|2013-10-16|
GNSS, Mapy, Firma
TomTom manipulował przy korkach?
W zeszłym tygodniu TomTom opublikował wyniki rzekomo niezależnych badań, które wykazały, że jego rozwiązania nawigacyjne deklasują konkurencję, jeśli chodzi o ostrzeganie przed korkami. Garmin i Inrix zarzucają jednak, że test był niewiarygodny – donosi serwis „GPS Business News”.
Przypomnijmy, że test przeprowadził Instytut Badań nad Transportem na Uniwersytecie Michigan. Wykorzystano w nim rozwiązania firm: TomTom, Garmin, Inrix oraz Google. Badanie wykazało m.in., że: • Przenośne urządzenie TomTom GO 2535 oraz aplikacja mobilna TomTom precyzyjnie zidentyfikowały odpowiednio 67 i 66 proc. korków w porównaniu z 52 proc. w przypadku Google i 38 proc. przypadku Inrix. Urządzenia Garmina dokładnie wskazały od 22 do 4 proc. korków. • TomTom uzyskał też najwyższy wynik (76 proc.) w przypadku zatorów na autostradach, zgłaszając 86 proc. dużych korków.
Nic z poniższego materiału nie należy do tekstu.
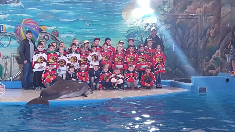 Первыми морскими обитателями, которые увидели юные хоккеисты, стали не дельфины. Акул, разных рыб, крабов и других моллюсков ребятам показали во время экскурсии, организованной новыми партнёрами — Большим сочинским дельфинарием парка «Ривьера». После знакомства с подводным миром ледовые защитники и нападающие узнали много нового о земных животных, посетив зоопарк«Рио». После познавательной зооэкскурсии ребят ждал сладкий стол. У одного из игроков команды визит к партнёрам совпал с днём рождения. 9-летие отметил Тимур Хвистиани. Руководство дельфинария подарили юному хоккеисту огромный торт в виде формы. И на этом подарки не закончились. По традиции, во время представления, дельфины пишут картины. Очередной пейзаж для именинника нарисовал — ставший символом команды «Сочинские дельфины» — Черноморский афалин Новик. Он же прокатил Тимура на лодке под аплодисменты зрителей. Новик и его друзья также продемонстрировали хоккеистам свою ловкость в прыжках в высоту, через кольцо и другие трюки. Дельфины зарядили ребят положительными эмоциями и таким образом, поддержали в спортивных начинаниях.

Komentarz firmy Inrix jest krótki, ale dobitny: „Nie wydaje nam się, że warto komentować badania, na które TomTom wyłożył 68 177 dolarów i wypadł w nich najlepiej”.
Bardziej wylewni okazali się przedstawiciele firmy Garmin. Podobnie jak Inrix, wypominają, że test był sponsorowany. Zwracają też uwagę, że do badań wykorzystano modele nawigacji Garmina sprzed 3-4 lat, które wycofano już z produkcji, i porównano je z najnowszymi rozwiązaniami TomToma. Od tego czasu Garmin wprowadził wiele udoskonaleń, jeśli chodzi o śledzenie ruchu drogowego – przekonuje spółka. W oświadczeniu poddaje ponadto w wątpliwość, czy przed testami zaktualizowano mapy oraz oprogramowanie. Kolejna dyskusyjna kwestia to porównywanie urządzeń, które pobierają dane o ruchu drogowym drogą radiową i komórkową. Brak informacji o korku mógł wynikać po prostu z tego, że w danym miejscu nie był dostępny sygnał radiowy – wyjaśnia Garmin.